# [EXERCISE AIM]
Make a verbatim copy of all the records. Skip every image.
::::
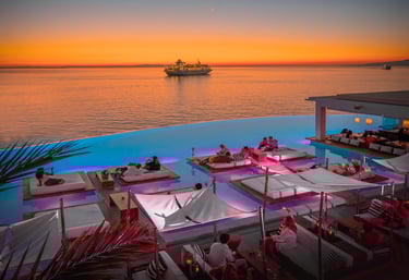 White curves, infinity pools, and glowing sunsets — one of the most emotionally magnetic summer visuals in Europe.
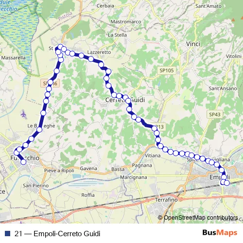 See why over 2 million users trust and consider busmaps.com as the best public transport website. busmaps gives you Cerreto Guidi Buses suggested routes, real-time bus tracker, line route maps in Cerreto Guidi, and helps to find the closest 21 bus stops near you. No internet available? Download an offline PDF map and bus schedule for the 21 bus to take on your trip.
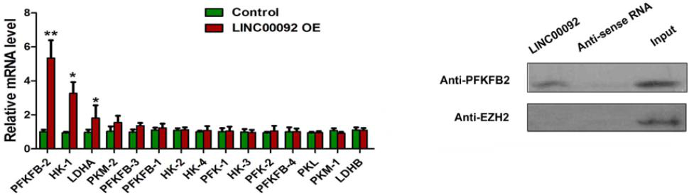 糖酵解过程在肿瘤发生和癌症开展中起到重要的作用,并且已有多篇文献报道lncRNA可以顺利获得多种机制来调控糖酵解,因此作者探究LINC00092是否也是顺利获得调控糖酵解过程来促进卵巢癌的发生。实验发现敲除LINC00092会使得癌细胞内很多代谢产物的含量明显降低,尤其是乳酸的含量变化最为明显。上述实验表明LINC00092可以改变卵巢癌细胞代谢过程中的糖酵解水平。然后,作者开始研究LINC00092在改变糖酵解过程中是如何发挥功能的。借助RT-PCR和RNA pull down实验,作者找到了LINC00092的靶基因果糖-2,6-二磷酸酶2(PFKFB2),并且进一步分析发现LINC00092和PFKFB2的表达水平呈正相关(r=0.52)。上述一系列实验也表明了LINC00092是顺利获得结合PFKFB2来调控卵巢癌的发生和开展的。
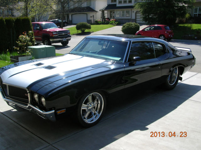 This is one killer ride, over $100,000 invested and built right! 1970 Buick GSX Tribute car This Prostreet / Protour car has it all, new front to back and never raced. Body is all new arrow straight steel, stretched rear 1/4's to fit 33" inch tall slicks, Fiber glass hood and Mile deep Black paint. 455CI ALL Buick V8 Dyno'd at 686+HP + 150HP nitrous system and just under 800fp of torque. Engine is well over $12,000 alone! Turbo 400 Transmission with reverse valve body with a lockout launch control (trans brake), and line lock on the shifter, Electronic fuel and water systems, 4 Core radiator with electric cooling fan, 3 inch exhaust front to back with 4 inline mufflers and electric power dumps for wide open exhaust, Programmable electronic ignition, over sized balanced drive shaft, narrowed Dana 60 rear end 456 spooled gears with strange axles, 20 gallon fuel cell with sending unit, Powder coated frame/chassis/fenderwells and cage in silver or Black. This car is Back halved with a 4 Link ladder bar suspension, a Full 10 point cage (cert. 8.5sec or slower), Front dropped spindles, Over sized 4 wheel disc brake system all powder coated, Completely sound proofed [Dynamat] roof/doors/floor, Complete 1000 Watt Alpine sound system with 6-6.5 Speakers and a 10 inch sub stuffed between the tubs, Custom designed interior with LED lighting accents, console, door panels, solid headliner and sale panels are just stunning, Alarm system, Remote locks, In-dash tach, Auto Meter gauges x 6/Fuel level/Fuel pressure/Oil pressureTrans temp/Nitrous pressure, Racing seats by Scat but you woudn't know it because they have been customized too with full 5 point race belts, the list goes on and on. Chrome and glass perfect, custom wheels are polished and built for this car by Budnik Wheels, Rears are 20x16 inch and Fronts 18x8. Rear radials tires are as big as they come, 31" tall with almost 20" of rubber touching the ground each side on the rear end, these monsters fit perfectly. This car also comes with a full set of racing tires on five star rims, pizza cutters up front and the big groved 33" tall slicks for the back that have only been used for set up and build are road legal. Some extra parts and pcs that would go with as well. Langley, Canada
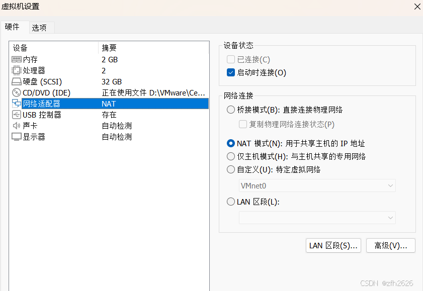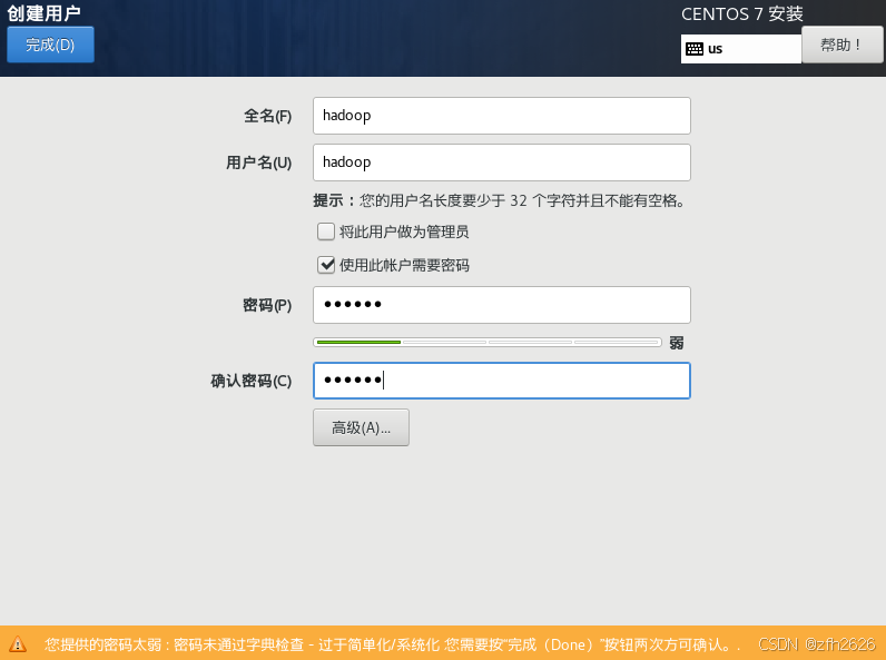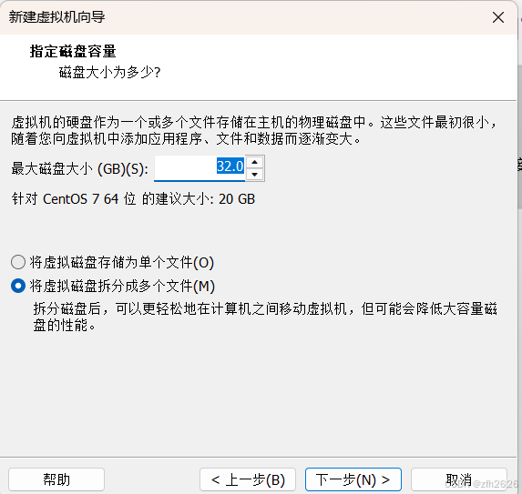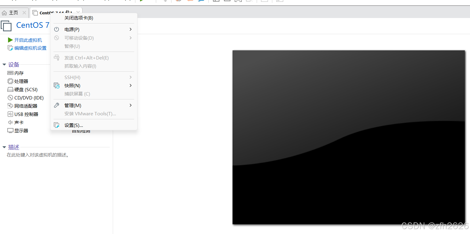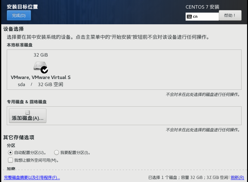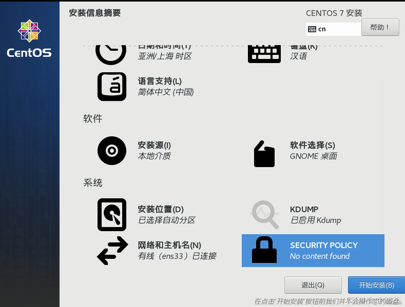 1.打开VMware,点击创建新的虚拟机 2.选择典型(推荐),点击下一步 3.选择稍后安装系统,点击下一步,系统镜像等到框架创建完成之后再安装 4.选项默认的就可以,直接点击下一步 5.虚拟机名称中名字填写无限制,可以自己更改,点击位置后面的浏览选项,可以选择虚拟机安装的位置,我这里安装在了D盘,你可以自己选择安装的位置 6.此处磁盘大小可以根据需求自己选择,我这里增加到了32.0,选择完之后点击下一步 7.点击完成,虚拟机的基本框架完成创建 8.右键点击上方刚建立完的虚拟机图标,点击出现的设置选项 9.此处内存可以根据自己电脑情况自己添加(添加后的内存必须是4的倍数) 10.处理器数量和内核数量根据自己的电脑配置和场景需求自己更改配置,我这里增加了一个处理器数量 11.CD/DVD(IDE)处连接选择使用ISO映像文件,点击浏览,查找下载好的镜像文件,我这里下载的是阿里云镜像站的CentOS-7-x86_64-DVD-2009.iso镜像文件 12.网络适配器选择NAT模式 13.剩下的设置不用更改,直接点击页面下方的确认,然后点击开启此虚拟机 14.点击页面,然后直接回车 15.等待开启完成 16.开机完成后会出现此页面,页面默认的是英文,新手可以下拉到最底部找到中文,然后点击继续 17.此处选择上海时区,点击完成 18.软件选择的基本环境可以使用默认的最小安装,也可以选择下面的GNOME桌面,选择好后点击完成 19.此处若没有特定需求,默认的就可以,点击完成 20.打开页面上的以太网开关,下面的主机名可以自行更改,此处我将用户名改为了master,然后点击完成 21.其余选项无需更改,点击开始安装 22.点击root密码选项,可以在其中设置root用户的密码,点击完成,root密码设置完成,然后点击创建用户,输入用户名和密码,点击完成后普通用户创建完成,最后等待软件包安装完成 23.完成后点击重启 24.点击未接受许可证旁的选项,勾选我同意许可协议,点击完成,然后点击完成配置 25.输入密码,进入桌面,一直点击前进,跳过系统引导,系统创建完成
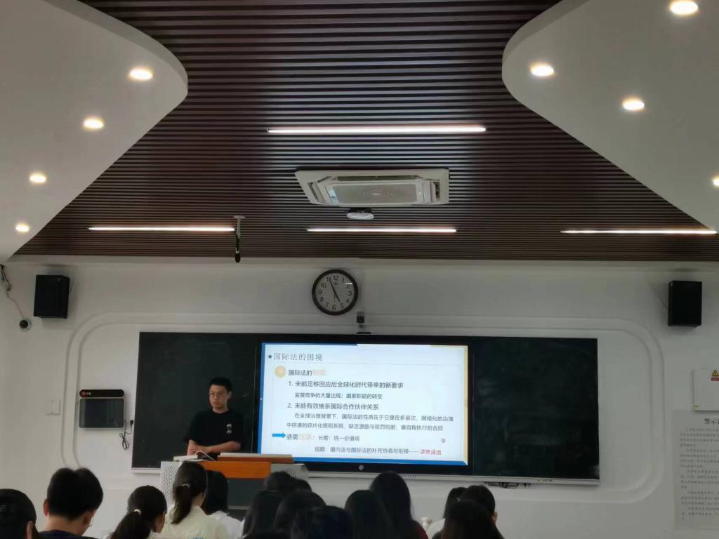 课程由王腾主讲,所讲课程为《国际法》课程。王腾备课认真、授课主次分明、重点突出。学生们思维活跃、课堂秩序好。
::::
# [COMPLETED EXERCISE]
 White curves, infinity pools, and glowing sunsets — one of the most emotionally magnetic summer visuals in Europe.
 See why over 2 million users trust and consider busmaps.com as the best public transport website. busmaps gives you Cerreto Guidi Buses suggested routes, real-time bus tracker, line route maps in Cerreto Guidi, and helps to find the closest 21 bus stops near you. No internet available? Download an offline PDF map and bus schedule for the 21 bus to take on your trip.
 糖酵解过程在肿瘤发生和癌症开展中起到重要的作用,并且已有多篇文献报道lncRNA可以顺利获得多种机制来调控糖酵解,因此作者探究LINC00092是否也是顺利获得调控糖酵解过程来促进卵巢癌的发生。实验发现敲除LINC00092会使得癌细胞内很多代谢产物的含量明显降低,尤其是乳酸的含量变化最为明显。上述实验表明LINC00092可以改变卵巢癌细胞代谢过程中的糖酵解水平。然后,作者开始研究LINC00092在改变糖酵解过程中是如何发挥功能的。借助RT-PCR和RNA pull down实验,作者找到了LINC00092的靶基因果糖-2,6-二磷酸酶2(PFKFB2),并且进一步分析发现LINC00092和PFKFB2的表达水平呈正相关(r=0.52)。上述一系列实验也表明了LINC00092是顺利获得结合PFKFB2来调控卵巢癌的发生和开展的。
 This is one killer ride, over $100,000 invested and built right! 1970 Buick GSX Tribute car This Prostreet / Protour car has it all, new front to back and never raced. Body is all new arrow straight steel, stretched rear 1/4's to fit 33" inch tall slicks, Fiber glass hood and Mile deep Black paint. 455CI ALL Buick V8 Dyno'd at 686+HP + 150HP nitrous system and just under 800fp of torque. Engine is well over $12,000 alone! Turbo 400 Transmission with reverse valve body with a lockout launch control (trans brake), and line lock on the shifter, Electronic fuel and water systems, 4 Core radiator with electric cooling fan, 3 inch exhaust front to back with 4 inline mufflers and electric power dumps for wide open exhaust, Programmable electronic ignition, over sized balanced drive shaft, narrowed Dana 60 rear end 456 spooled gears with strange axles, 20 gallon fuel cell with sending unit, Powder coated frame/chassis/fenderwells and cage in silver or Black. This car is Back halved with a 4 Link ladder bar suspension, a Full 10 point cage (cert. 8.5sec or slower), Front dropped spindles, Over sized 4 wheel disc brake system all powder coated, Completely sound proofed [Dynamat] roof/doors/floor, Complete 1000 Watt Alpine sound system with 6-6.5 Speakers and a 10 inch sub stuffed between the tubs, Custom designed interior with LED lighting accents, console, door panels, solid headliner and sale panels are just stunning, Alarm system, Remote locks, In-dash tach, Auto Meter gauges x 6/Fuel level/Fuel pressure/Oil pressureTrans temp/Nitrous pressure, Racing seats by Scat but you woudn't know it because they have been customized too with full 5 point race belts, the list goes on and on. Chrome and glass perfect, custom wheels are polished and built for this car by Budnik Wheels, Rears are 20x16 inch and Fronts 18x8. Rear radials tires are as big as they come, 31" tall with almost 20" of rubber touching the ground each side on the rear end, these monsters fit perfectly. This car also comes with a full set of racing tires on five star rims, pizza cutters up front and the big groved 33" tall slicks for the back that have only been used for set up and build are road legal. Some extra parts and pcs that would go with as well. Langley, Canada
 1.打开VMware,点击创建新的虚拟机 2.选择典型(推荐),点击下一步 3.选择稍后安装系统,点击下一步,系统镜像等到框架创建完成之后再安装 4.选项默认的就可以,直接点击下一步 5.虚拟机名称中名字填写无限制,可以自己更改,点击位置后面的浏览选项,可以选择虚拟机安装的位置,我这里安装在了D盘,你可以自己选择安装的位置 6.此处磁盘大小可以根据需求自己选择,我这里增加到了32.0,选择完之后点击下一步 7.点击完成,虚拟机的基本框架完成创建 8.右键点击上方刚建立完的虚拟机图标,点击出现的设置选项 9.此处内存可以根据自己电脑情况自己添加(添加后的内存必须是4的倍数) 10.处理器数量和内核数量根据自己的电脑配置和场景需求自己更改配置,我这里增加了一个处理器数量 11.CD/DVD(IDE)处连接选择使用ISO映像文件,点击浏览,查找下载好的镜像文件,我这里下载的是阿里云镜像站的CentOS-7-x86_64-DVD-2009.iso镜像文件 12.网络适配器选择NAT模式 13.剩下的设置不用更改,直接点击页面下方的确认,然后点击开启此虚拟机 14.点击页面,然后直接回车 15.等待开启完成 16.开机完成后会出现此页面,页面默认的是英文,新手可以下拉到最底部找到中文,然后点击继续 17.此处选择上海时区,点击完成 18.软件选择的基本环境可以使用默认的最小安装,也可以选择下面的GNOME桌面,选择好后点击完成 19.此处若没有特定需求,默认的就可以,点击完成 20.打开页面上的以太网开关,下面的主机名可以自行更改,此处我将用户名改为了master,然后点击完成 21.其余选项无需更改,点击开始安装 22.点击root密码选项,可以在其中设置root用户的密码,点击完成,root密码设置完成,然后点击创建用户,输入用户名和密码,点击完成后普通用户创建完成,最后等待软件包安装完成 23.完成后点击重启 24.点击未接受许可证旁的选项,勾选我同意许可协议,点击完成,然后点击完成配置 25.输入密码,进入桌面,一直点击前进,跳过系统引导,系统创建完成
 课程由王腾主讲,所讲课程为《国际法》课程。王腾备课认真、授课主次分明、重点突出。学生们思维活跃、课堂秩序好。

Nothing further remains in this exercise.